Jack Jones led the discussion at this month’s meeting of the FAIR Institute’s Data Utilization Work Group, including fielding this question from a FAIR Institute member about data breaches. Jack is the Institute’s Chairman and the co-author of Measuring and Managing Information Risk: A FAIR Approach.
Question: How do you distinguish what’s a breach and what is not from audit trails and our other typical sources of data?
Jack Jones: That’s a really good question. To some degree, it depends on what you mean by "breach". For example, some people consider run-of-the-mill malware infections and DDoS outages to be breaches. Others reserve the word "breach" to describe compromises of confidential information.
For this discussion, let's think of "breach" in a relatively broad sense.
If we're talking about malware, for example, any malware event on an internal system (server, workstation, etc.) is a clear indication that a breach of the perimeter occurred. In FAIR terms, we had a loss event at the perimeter layer, which resulted in a threat event (or loss event) at the internal system layer – i.e., malware somehow got past whatever resistive controls we had on the perimeter, which enabled an attack on an internal system.
That's a fairly simple and straightforward example though, which only covers part of the "breach" problem space.
Another easy one is availability [events], which are easily recognized when a system goes down or is degraded in some fashion. The great thing about availability events is they are pretty obvious by the inherent nature of what they are. Of course, sometimes it can be challenging to determine whether an outage was due to malicious actions, human error, or simple technology failure. Logs can be valuable in answering that question.
For confidentiality breaches, it’s going to depend on what the logs are capturing as to how informative they'll be regarding whether a "breach" has occurred. Even then, typical access logs will rarely be able to definitively tell us that a breach has occurred. Usually, some amount of human (or machine-learning-based) analysis has to take place to establish any degree of intelligence about whether a breach actually took place.
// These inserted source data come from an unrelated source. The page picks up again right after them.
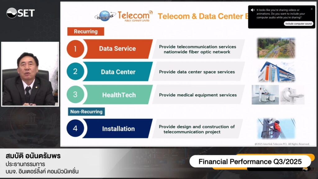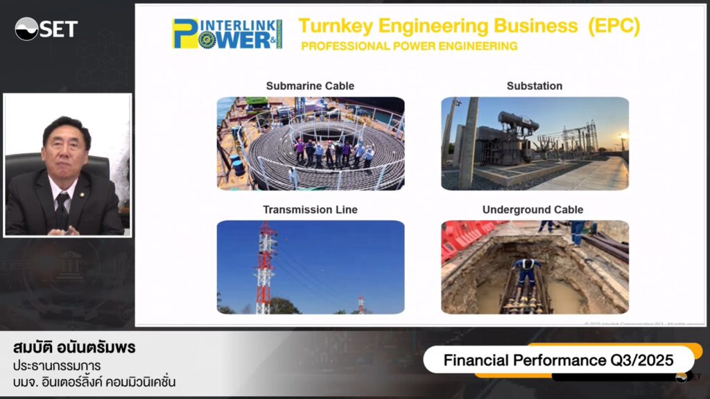 เติบโตชัดเจน วันที่ 18 พฤศจิกายน 2568 บริษัท อินเตอร์ลิ้งค์ คอมมิวนิเคชั่น จำกัด (มหาชน) หรือ ILINK ร่วมนำเสนอผลประกอบการในงาน บริษัทจดทะเบียนพบผู้ลงทุน (Opportunity Day) ประจำไตรมาส 3/2568 จัดโดยตลาดหลักทรัพย์แห่งประเทศไทย (ตลท.) ผ่านระบบออนไลน์ (VDO Conference) โดยมี นายสมบัติ อนันตรัมพร ประธานกรรมการ กลุ่มบริษัท อินเตอร์ลิ้งค์ฯ เป็นผู้ร่วมบรรยาย และตอบข้อซักถามนักลงทุน พร้อมนำเสนอข้อมูลผลการดำเนินงานในช่วง 9 เดือนแรกของปี 2568 และแนวโน้มธุรกิจช่วงโค้งสุดท้ายของปี
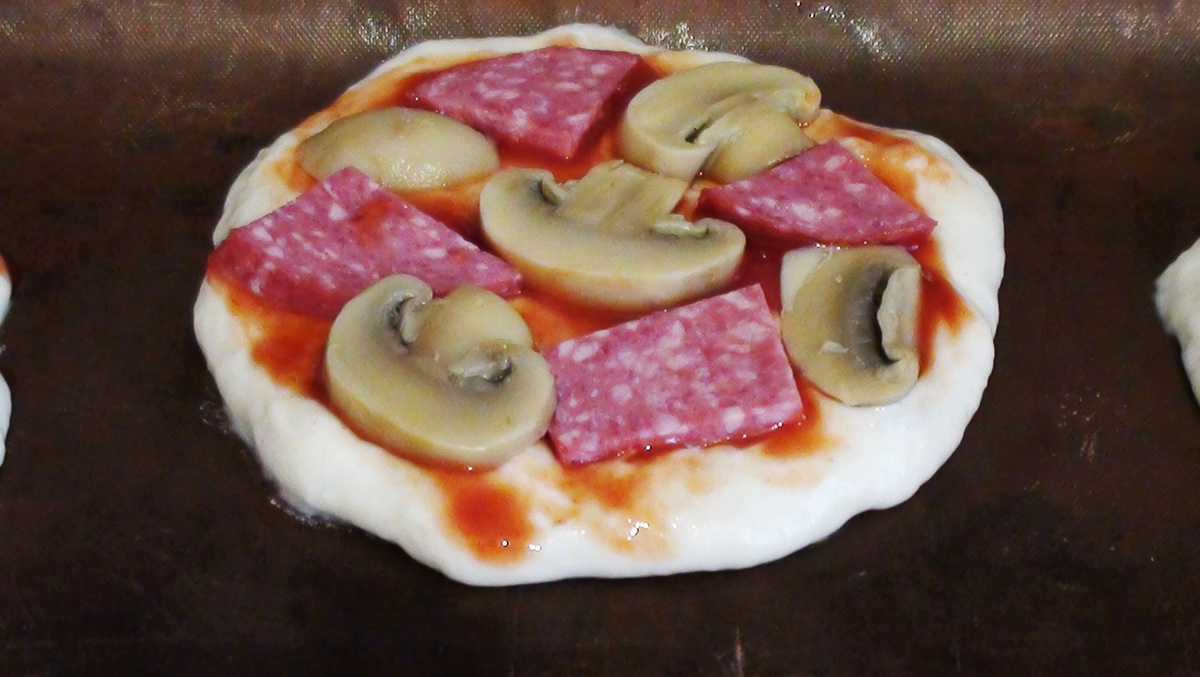 Если вы любите пиццу так же сильно, как я, вам понравится этот рецепт. Пицца получается очень вкусная и не занимает много времени. ТЕСТО Смешать все ингредиенты в миске, муку добавлять постепенно, её может уйти меньше. Тесто должно получиться густым и липким. Накрыть миску полотенцем и убрать в тёплое место на 40-50 минут, когда тесто подойдёт можно сразу печь. НАЧИНКА Сыр натереть на крупной тёрке. Колбасу нарезать кусочками. Грибы нарезаем пластинками. Когда тесто подошло выкладываем из него лепёшки. Смазываем кетчупом, выкладываем грибы и колбасу. Делаем сеточку из майонеза и посыпаем сыром. Убираем в разогретую духовку до 180 градусов на 20-25 минут. Пицца получается очень вкусная, такую в магазине не купишь.)
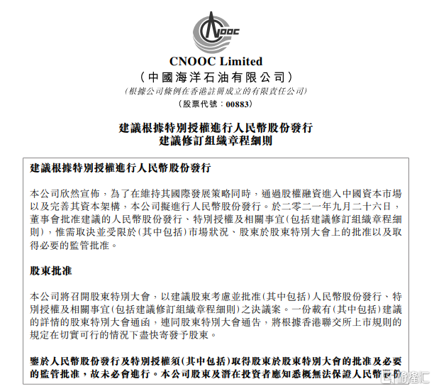 9月26日晚間,中國海洋石油有限公司(以下簡稱“中海油”)(0883.HK)發佈公告稱,公司擬申請A股發行上市。
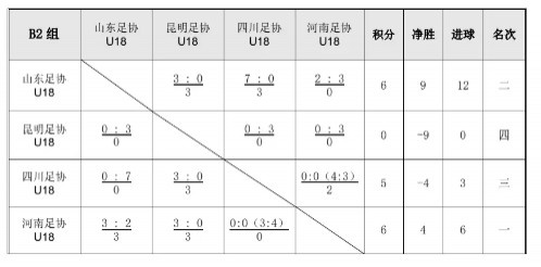 小組賽最后一輪,由于對(duì)手昆明足協(xié)U18隊(duì)棄權(quán),河南隊(duì)?wèi){借對(duì)陣山東的勝負(fù)關(guān)系優(yōu)勢(shì),力壓對(duì)手以小組頭名的成績(jī)進(jìn)入到了接下來(lái)的排位賽。
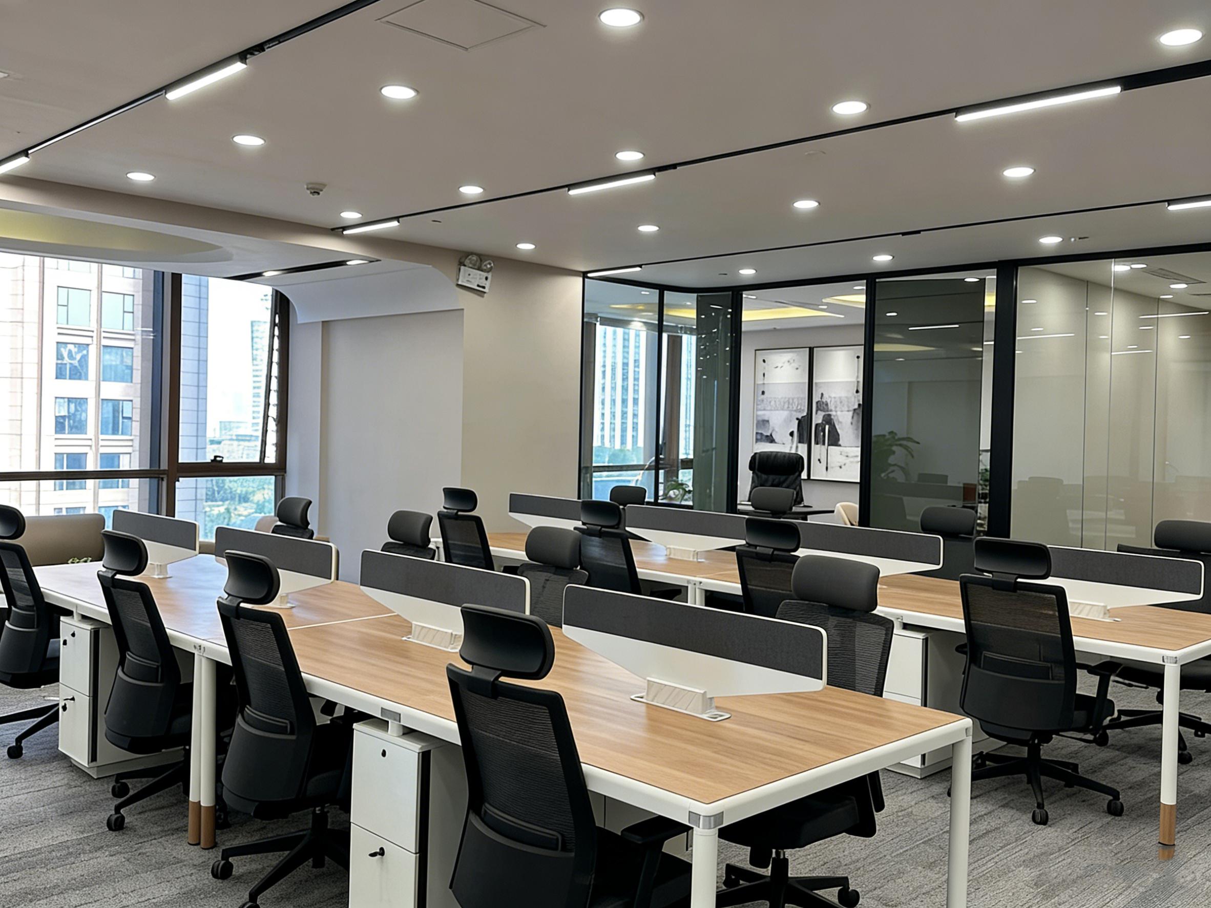 项目整体采用开放式办公区 + 独立经理室 + 多功能会议室的模块化布局,既满足团队日常协作的开放性需求,又保障高管办公与商务洽谈的私密性。开放办公区以浅木色办公桌搭配黑白灰经典色调,通透玻璃隔断最大化引入自然采光,让空间显得开阔明亮;线性灯与筒灯的组合照明,既保证了办公区域的充足照度,又通过光影层次提升空间精致感。
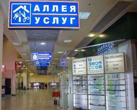 Аллея услуг появилась в январе 2016 года. Там работают арендаторы, которые предоставляют мелкие бытовые услуги — от ремонта одежды и обуви, сервиса мобильных телефонов до печати на футболках.
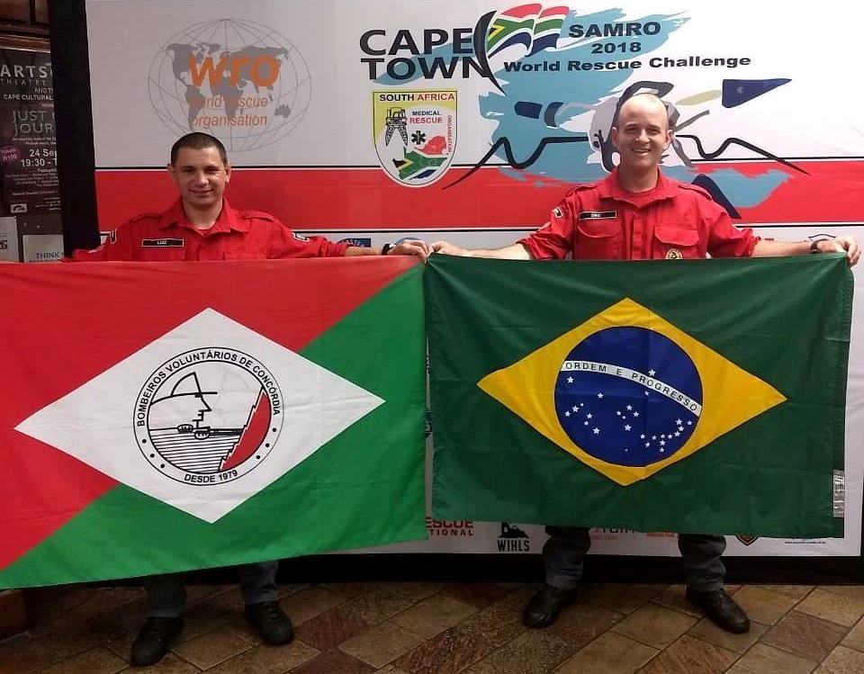 Os bombeiros voluntários Maicol Roberto Oro e Luiz Carlos Benini, do Corpo de Bombeiros Voluntários de Concórdia, conquistaram o sexto lugar no Desafio Mundial de Resgate 2018 (World Rescue Challenge), que ocorreu de 22 a 26 de outubro na África do Sul. O subcomandante Igor Schwingel trouxe para a corporação e Estado o certificado que o habilita a atuar como avaliador nas entidades filiadas à Organização Mundial de Resgate (World Rescue Organization – WRO).
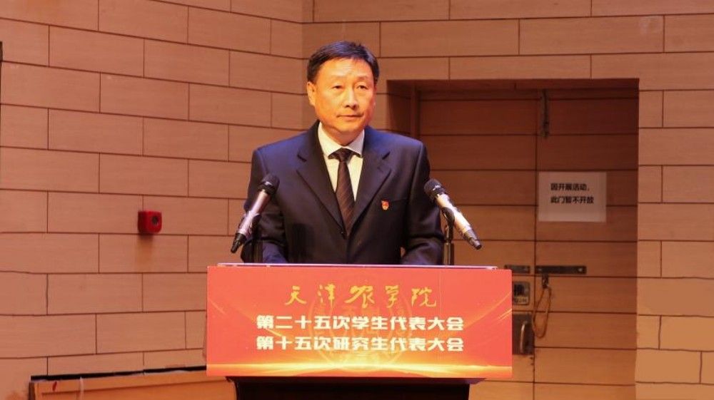 李堃代表市学联对学校第二十五次学生代表大会、第十五次研究生代表大会的召开表示热烈祝贺,充分肯定天津农学院学生会、研究生会过去一年的工作成果。他表示,全校各级学生会组织需鲜明彰显政治本色,扎实当好党联系青年学生的桥梁纽带,继续坚守服务初心,持续深化改革创新,着力打造先进服务型学生组织。在强国建设、民族复兴的壮阔征程中,学生会组织要引领广大学生筑牢理想信念之基,厚植家国赤子情怀,勇担时代赋予的历史使命,以青春之力挺膺担当,奋力书写中国式现代化建设的青春答卷。

If, for example, normal access takes place between 8 AM and 5 PM, but the logs show that an access took place at 2 AM, that may be an indication that something is amiss and worth further investigation. Or maybe if the logs [show] that the normal volume of account access is between 5 and 20 customer records a day, but today 500 records were accessed, that might be indicative of something being amiss.
Another less obvious example might come from DLP technology that scours your internal network for where sensitive data exists. Maybe the baseline it’s operating from says, hey, this server or workstation doesn’t normally have sensitive information, but now it's finding a bunch of sensitive information on one or more of those systems. That could, of course, simply represent a change in business usage practices, or a legitimate temporary condition, but it could also be a clue that a breach has occurred.
The bottom line is that some of our telemetry will be pretty definitive regarding "breaches" (e.g., anti-malware technology), while others will simply be indicative or suggestive in nature, which should prompt further investigation.